Isolation	Concurrent readers/writers don't interfere	Snapshot isolation — readers see the table as it was when they started reading. Writers use optimistic concurrency (see Q05).
Durability	Committed data survives crashes	Data is stored as Parquet on cloud storage (S3/ADLS/GCS) — inherently durable

Follow-up they'll ask: "What happens if a write fails midway?"

🧠 Memory Map

Step 1: Spark writes new Parquet data files to storage ← files exist but NOT committed

Step 2: Spark tries to write the commit JSON to _delta_log ← THIS is the atomic step

If Step 2 FAILS:

→ The Parquet files from Step 1 are "orphaned" (exist but not referenced)
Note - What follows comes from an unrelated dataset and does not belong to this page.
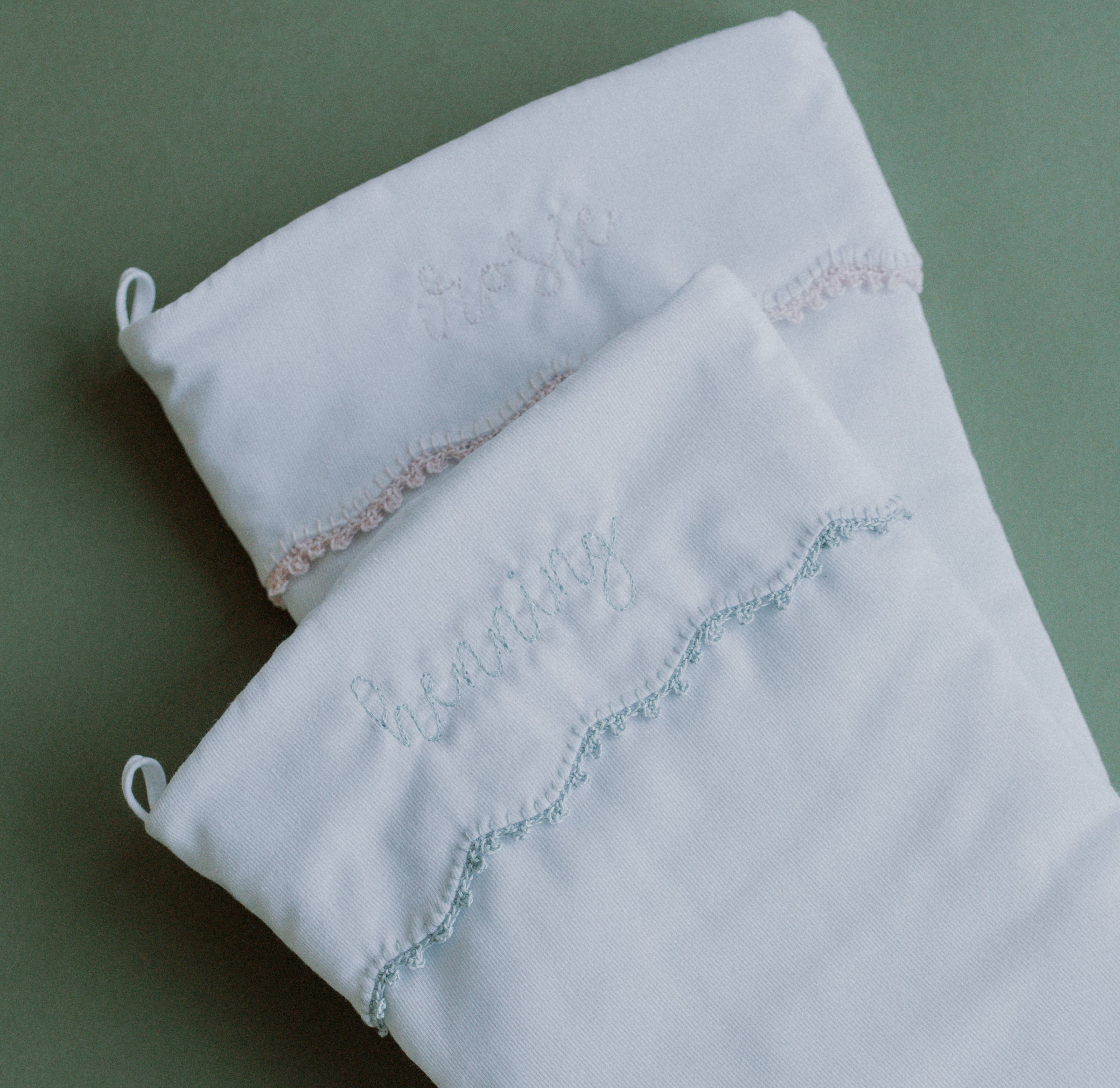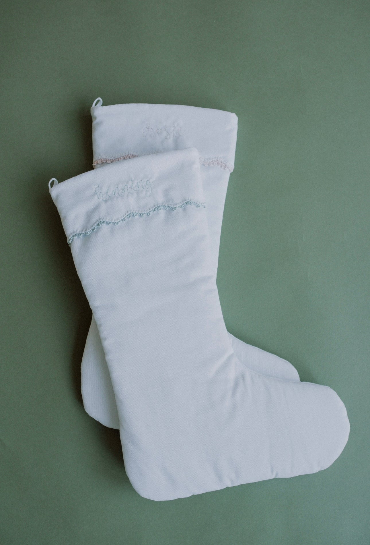 Making the holidays even sweeter with these Christmas stockings. If you choose to have your stocking embroidered, it will be the same color as the trim.

→ No commit JSON means Delta doesn't know about them

→ Next VACUUM will clean them up

→ Table state is unchanged — ZERO corruption

If Step 2 SUCCEEDS:

→ Transaction is committed

→ Readers will see the new data

Interview Tip: "The key insight is that the commit JSON file is the SINGLE point of atomicity. Data files can be partially written — it doesn't matter until the commit JSON makes them visible."
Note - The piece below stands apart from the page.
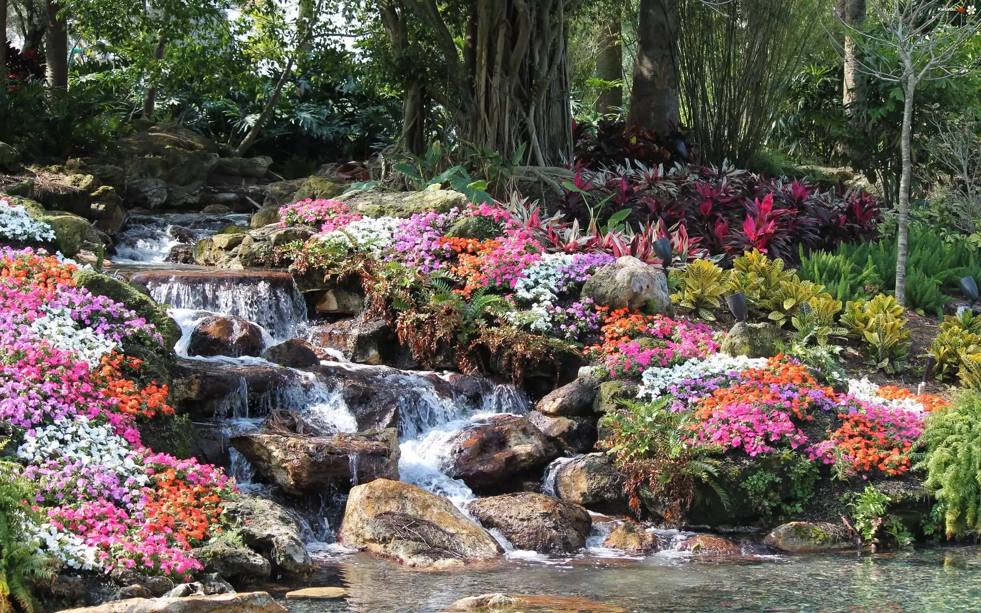 Kwiat Wodospad, Las, Kwiaty, Kamienie

SECTION 2: TRANSACTION LOG DEEP DIVE

Q04 — What is the Delta Transaction Log (_delta_log)? What's inside each commit?

Question: "Explain the Delta transaction log in detail. What exactly is stored in each commit file?"
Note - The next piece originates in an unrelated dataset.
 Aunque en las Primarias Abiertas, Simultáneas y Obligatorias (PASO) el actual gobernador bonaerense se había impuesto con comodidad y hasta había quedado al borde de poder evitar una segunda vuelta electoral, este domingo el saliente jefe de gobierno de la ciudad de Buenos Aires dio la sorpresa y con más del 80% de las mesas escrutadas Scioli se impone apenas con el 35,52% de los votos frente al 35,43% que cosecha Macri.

Each JSON commit file contains these actions:

json

// Example: 00000000000000000005.json (Commit #5)
{
  "commitInfo": {
    "timestamp": 1711670400000,
    "operation": "MERGE",
    "operationParameters": {"predicate": "t.id = s.id"},
    "operationMetrics": {
      "numTargetRowsInserted": "1500",
      "numTargetRowsUpdated": "300",
      "numTargetRowsDeleted": "50"
    }
  },
  "add": {
    "path": "part-00000-new-file.snappy.parquet",
    "size": 1073741824,
    "partitionValues": {"date": "2026-03-29"},
    "stats": "{\"numRecords\":50000,\"minValues\":{\"id\":1},\"maxValues\":{\"id\":50000}}"
  },
  "remove": {
    "path": "part-00000-old-file.snappy.parquet",
    "deletionTimestamp": 1711670400000,
    "dataChange": true
  }
}

Action	What It Records	Example
`add`	New Parquet file was added to the table	After INSERT, MERGE, or OPTIMIZE
`remove`	File was logically deleted (still physically exists!)	After UPDATE, DELETE, or OPTIMIZE
`metaData`	Schema change, table properties changed	After ALTER TABLE or schema evolution
`protocol`	Reader/writer version requirements	After enabling new features (e.g., Deletion Vectors)
`commitInfo`	Who, when, what operation, and metrics	Every commit has this

Critical detail: remove is LOGICAL, not physical

🧠 Memory Map

remove: "part-00000-old-file.snappy.parquet"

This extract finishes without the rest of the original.